─── MATERIAL PROVIDED

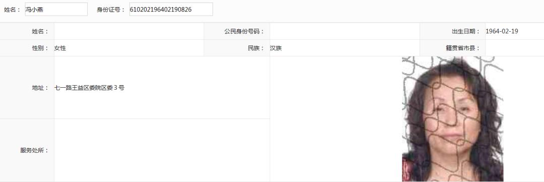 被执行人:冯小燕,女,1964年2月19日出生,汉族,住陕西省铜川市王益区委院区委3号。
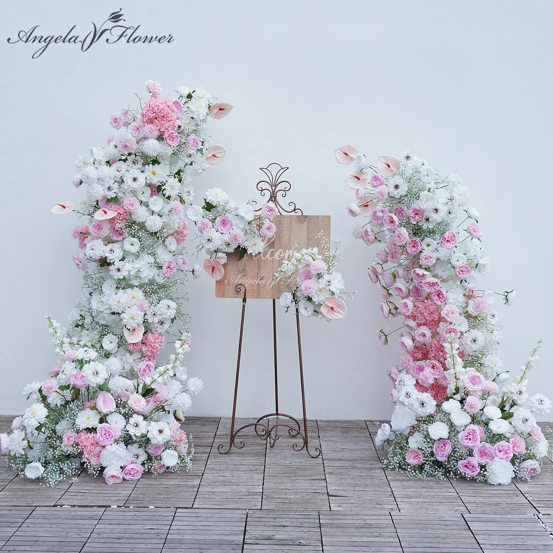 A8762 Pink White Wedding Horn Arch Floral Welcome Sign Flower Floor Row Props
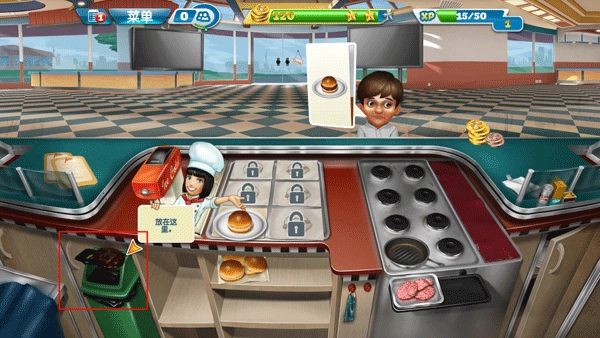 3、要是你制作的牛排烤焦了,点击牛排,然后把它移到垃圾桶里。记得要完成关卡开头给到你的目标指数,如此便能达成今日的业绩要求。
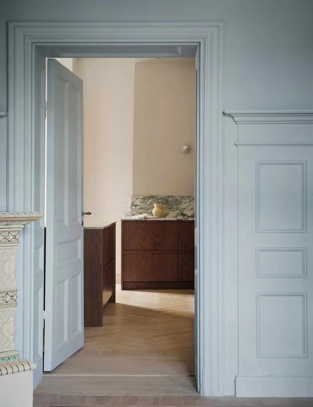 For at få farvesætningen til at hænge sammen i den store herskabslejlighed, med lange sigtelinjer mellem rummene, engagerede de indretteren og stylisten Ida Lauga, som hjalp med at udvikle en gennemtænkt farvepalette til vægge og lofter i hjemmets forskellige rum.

──────
─── MATERIAL PROVIDED

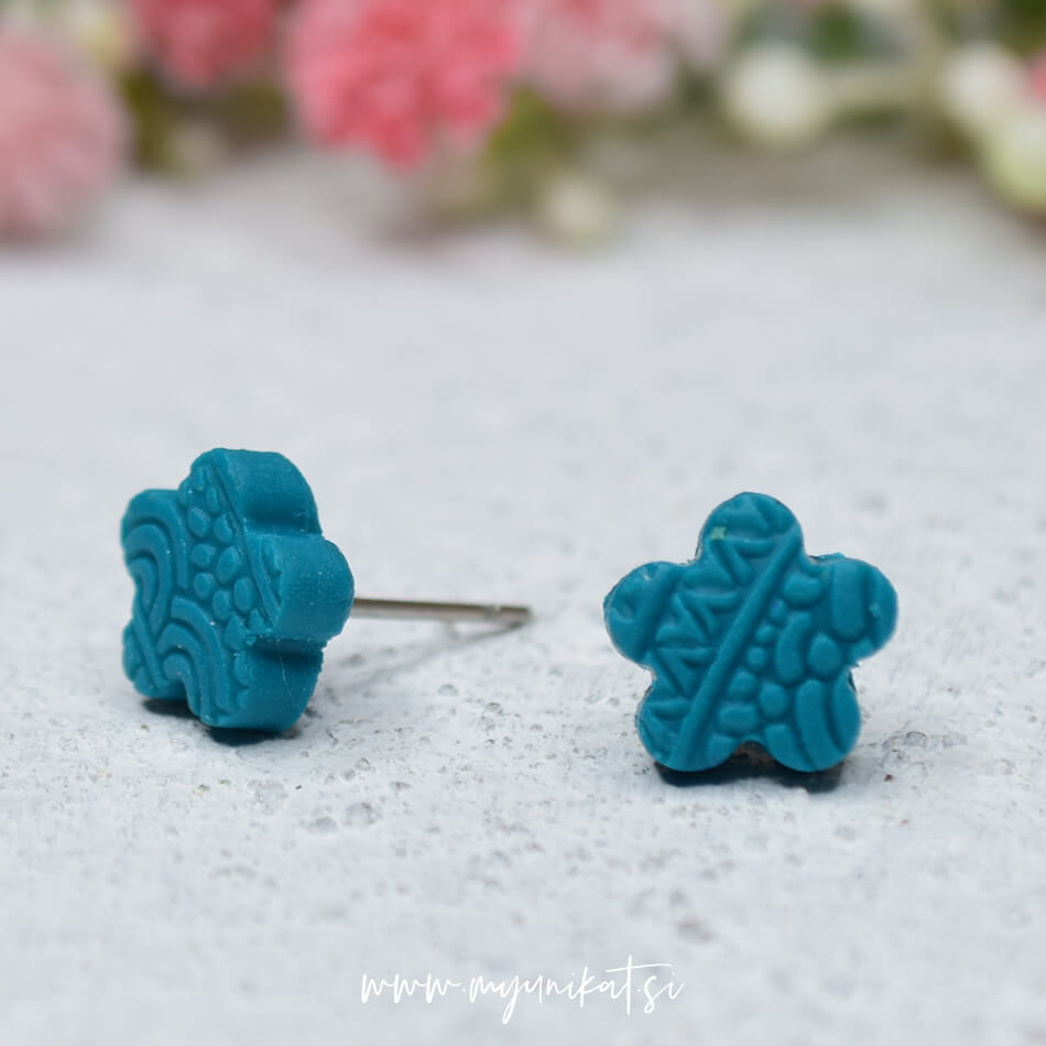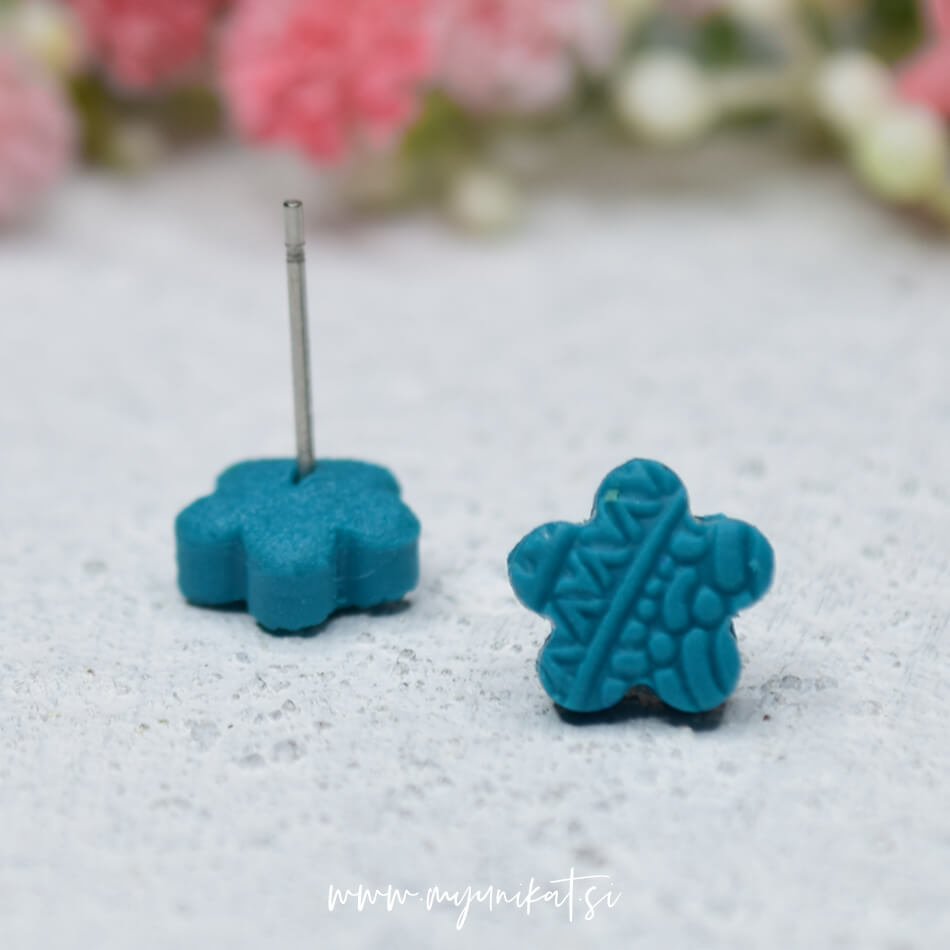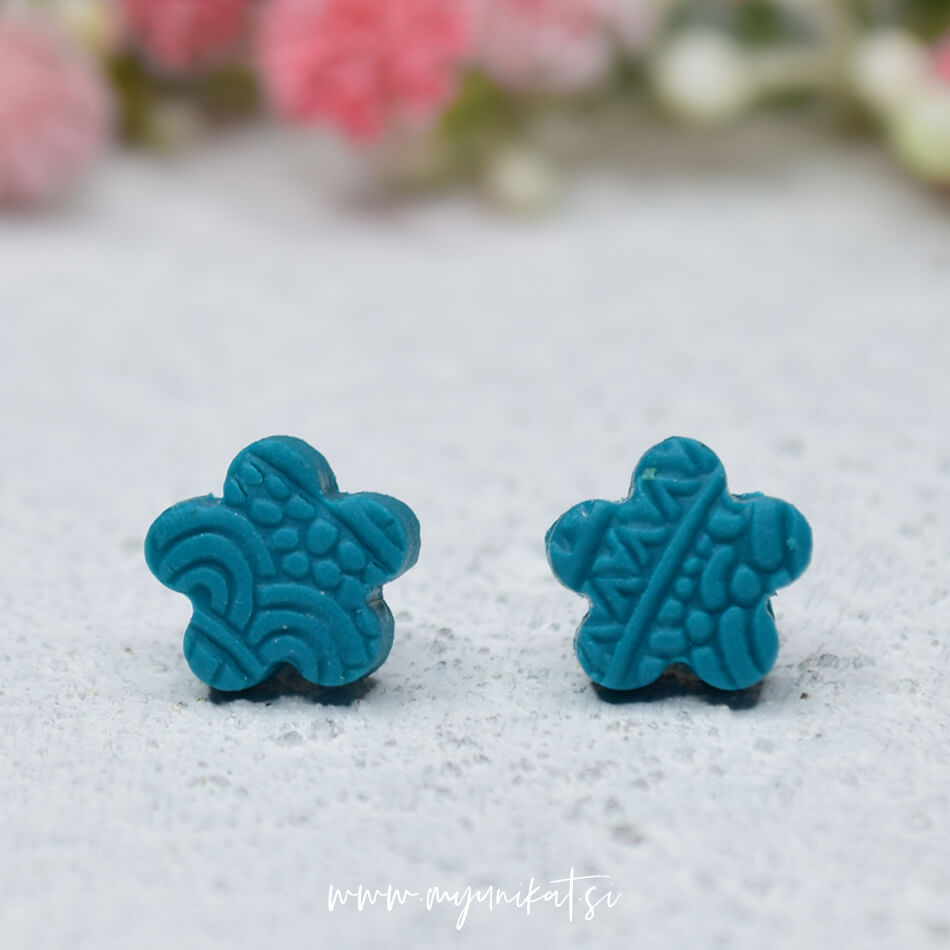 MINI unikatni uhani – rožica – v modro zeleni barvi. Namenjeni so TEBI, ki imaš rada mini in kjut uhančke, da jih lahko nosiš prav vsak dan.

──────
─── MATERIAL PROVIDED

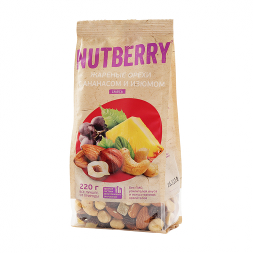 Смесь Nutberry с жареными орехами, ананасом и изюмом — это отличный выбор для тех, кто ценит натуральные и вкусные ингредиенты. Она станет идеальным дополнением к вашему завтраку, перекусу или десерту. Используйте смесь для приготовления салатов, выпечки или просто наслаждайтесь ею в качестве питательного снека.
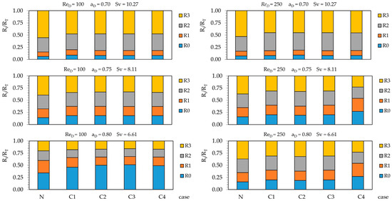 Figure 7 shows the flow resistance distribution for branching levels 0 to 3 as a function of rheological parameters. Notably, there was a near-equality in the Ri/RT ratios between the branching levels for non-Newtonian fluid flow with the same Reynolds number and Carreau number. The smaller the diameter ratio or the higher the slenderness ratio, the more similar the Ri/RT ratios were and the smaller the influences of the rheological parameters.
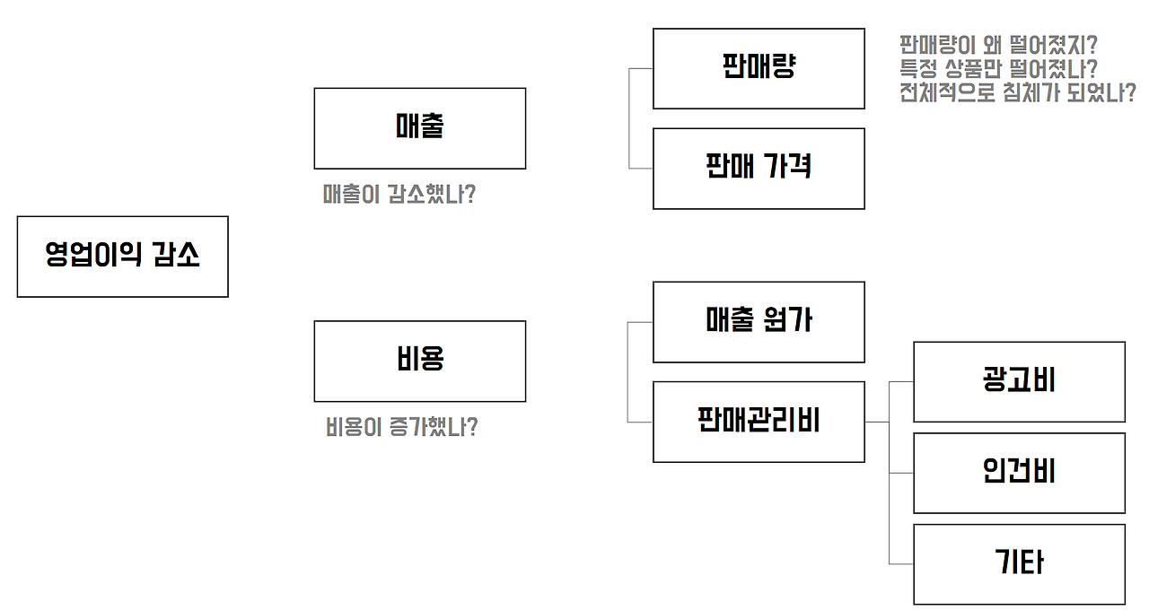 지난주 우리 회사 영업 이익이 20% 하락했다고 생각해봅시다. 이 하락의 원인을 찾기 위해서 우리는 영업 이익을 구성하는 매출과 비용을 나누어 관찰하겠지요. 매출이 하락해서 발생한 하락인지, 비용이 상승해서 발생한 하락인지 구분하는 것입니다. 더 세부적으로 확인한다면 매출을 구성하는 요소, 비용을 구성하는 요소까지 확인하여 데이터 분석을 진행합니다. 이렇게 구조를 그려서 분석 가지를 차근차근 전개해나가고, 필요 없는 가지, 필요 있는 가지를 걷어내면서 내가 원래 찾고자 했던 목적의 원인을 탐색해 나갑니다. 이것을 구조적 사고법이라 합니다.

──────

→ EXERCISE: Above are the records; return the lines in them from the one with "被执行人:冯小燕,女,196" to the one with "For at få farvesætningen", inclusive, exactly and without images.

→ OUTPUT OF THE TASK:
 被执行人:冯小燕,女,1964年2月19日出生,汉族,住陕西省铜川市王益区委院区委3号。
 A8762 Pink White Wedding Horn Arch Floral Welcome Sign Flower Floor Row Props
 3、要是你制作的牛排烤焦了,点击牛排,然后把它移到垃圾桶里。记得要完成关卡开头给到你的目标指数,如此便能达成今日的业绩要求。
 For at få farvesætningen til at hænge sammen i den store herskabslejlighed, med lange sigtelinjer mellem rummene, engagerede de indretteren og stylisten Ida Lauga, som hjalp med at udvikle en gennemtænkt farvepalette til vægge og lofter i hjemmets forskellige rum.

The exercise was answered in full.